Director: Glen A Hines
Stars: Glen A Hines, Greta Skelly, Maya Patron and Deb Blume
This film was a submission to one of the IFP Phoenix film challenges in 2013. Here's an index to my reviews of 2013 submissions.
Every IFP Phoenix challenge filmmaker wants to make movies or they wouldn't be IFP Phoenix challenge filmmakers. However what they want those movies to be varies just a little. Most want to get their short films in front of eyeballs and for some, the eyeballs of their fellow filmmakers at challenge screenings is enough. Some have a little ambition and want to get their work into the Phoenix Film Festival or another local event. Most would say that they have a serious drive to become a film professional and some may even be telling the truth to themselves. Watching the short films of Glen Hines, it feels like he's building the portfolio he wants to send to the Lifetime Channel so he can make uplifting TV movies until the day he dies. Eva's Light, which caught a lot of attention at the Beat the Clock Challenge last year, was strong in itself, but If Not Me, made for the Breakout Challenge, feels very much like a companion piece to play beside it and build a theme that I wouldn't be surprised to see extend over his next few films.

Both films are underpinned by piano based scores that are uplifting with touches of sadness, though this one later goes overboard with the addition of a song to hammer the sentimentality home. Both films are centred on elderly ladies, one real and one maybe only sourced from reality. Both films unfold through a set of images, often in flashback, to underpin a narrative; Eva's Light was narrated by the woman at the heart of the story while If Not Me is built from an interview about the equivalent woman, who has left us.

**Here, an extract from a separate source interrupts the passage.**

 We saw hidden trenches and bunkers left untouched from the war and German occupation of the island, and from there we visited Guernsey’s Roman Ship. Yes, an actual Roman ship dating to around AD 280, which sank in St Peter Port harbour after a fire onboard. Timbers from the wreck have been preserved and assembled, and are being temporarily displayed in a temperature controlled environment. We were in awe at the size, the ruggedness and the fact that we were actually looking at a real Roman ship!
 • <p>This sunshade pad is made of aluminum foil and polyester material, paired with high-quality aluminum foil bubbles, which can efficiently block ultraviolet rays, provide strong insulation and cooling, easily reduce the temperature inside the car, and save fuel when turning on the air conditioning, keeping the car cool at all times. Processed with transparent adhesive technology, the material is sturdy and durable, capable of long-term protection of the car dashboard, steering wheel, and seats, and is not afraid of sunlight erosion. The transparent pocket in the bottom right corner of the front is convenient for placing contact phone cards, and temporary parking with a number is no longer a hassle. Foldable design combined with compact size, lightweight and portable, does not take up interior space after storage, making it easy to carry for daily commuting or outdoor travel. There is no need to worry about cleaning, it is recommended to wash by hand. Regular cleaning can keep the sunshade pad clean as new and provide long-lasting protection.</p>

It could be argued that one ends with death and the other begins with it, but both highlight the passage. Both films have carefully constructed forewords and afterwords; in fact, both start out with words before we ever see visuals, setting the scene before we see it. Both films then find a visual tie to the subject to ground our exploration of them; the photos/memories in Eva's Light and the shrine to remember the old homeless lady in If Not Me. Whether the films constitute a thematic pair or just a beginning is open.

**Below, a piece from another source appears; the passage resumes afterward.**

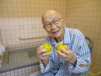 入浴シーンはお見せ出来ないので・・・(笑)入浴前にゆずを持って写真をカシャッ📷
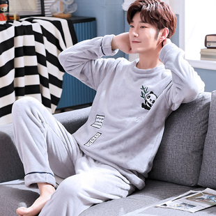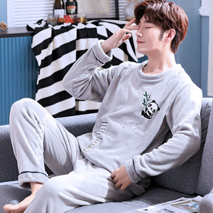 三层夹棉睡衣珊瑚绒加绒加厚法兰绒家居服冬天套装 秋冬季 男士 新款

What's most obviously different here is that Glen A Hines, who again co-wrote with Deb Blume and also produced and directed the film, puts himself prominently into it too. He's the businessman who talks to someone, perhaps a journalist, about Maxine, the homeless lady who lived on a bench in the park which he passed every day for a month before realising that she wasn't there any more, presumably murdered somewhere else or he'd have noticed the crime scene tape. Other people noticed sooner, which is why a shrine was put up on the bench for this businessman to notice. This does make a little sense. While most people only see what's there and it takes a Sherlock Holmes to notice the dog in the night time who isn't, the comment here is surely that homeless people are overlooked background in our minds and we often filter them out. Having done so, the businessman is surely as much shocked by what he filtered as by an actual murder. His interview feels drenched as much in guilt as in remembrance.

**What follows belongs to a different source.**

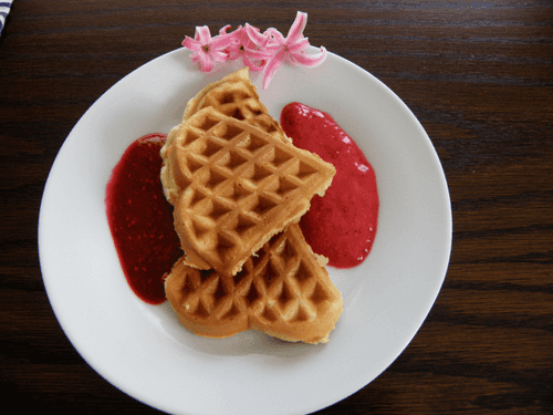 Waffles can be served hot, warm, or cold. The plate can be decorated with two sauces: rich raspberry and delicate cream, or you can dip the waffles in the sauce so that one side is completely covered (for example, using a fork).

While If Not Me isn't as strong as Eva's Light, it's still a capable piece. Hines knows how to play with our emotions and he does it well, focusing on the positive in so doing rather than the negative. He's a decent face for the film, though of course it's Maxine herself who steals our attention, playing backgammon with herself on her bench, which she's adorned with the sort of things that made her happy (things that aren't remotely dirty enough). There's a neat use of time lapse photography, highlighting how the world moves too fast to notice little details like Maxine. The shots of her standing still while the world flows inexorably around her in a marketplace are especially potent and deserved much more running time. Greta Skelly is excellent as Maxine, though she never has the chance to speak. Hines provides her background and the film provides her voice. Where this loses out to Eva's Light is in how sentimental it gets, the overblown song an overdone crescendo to a much more subtle short film that deserved to play out on the piano.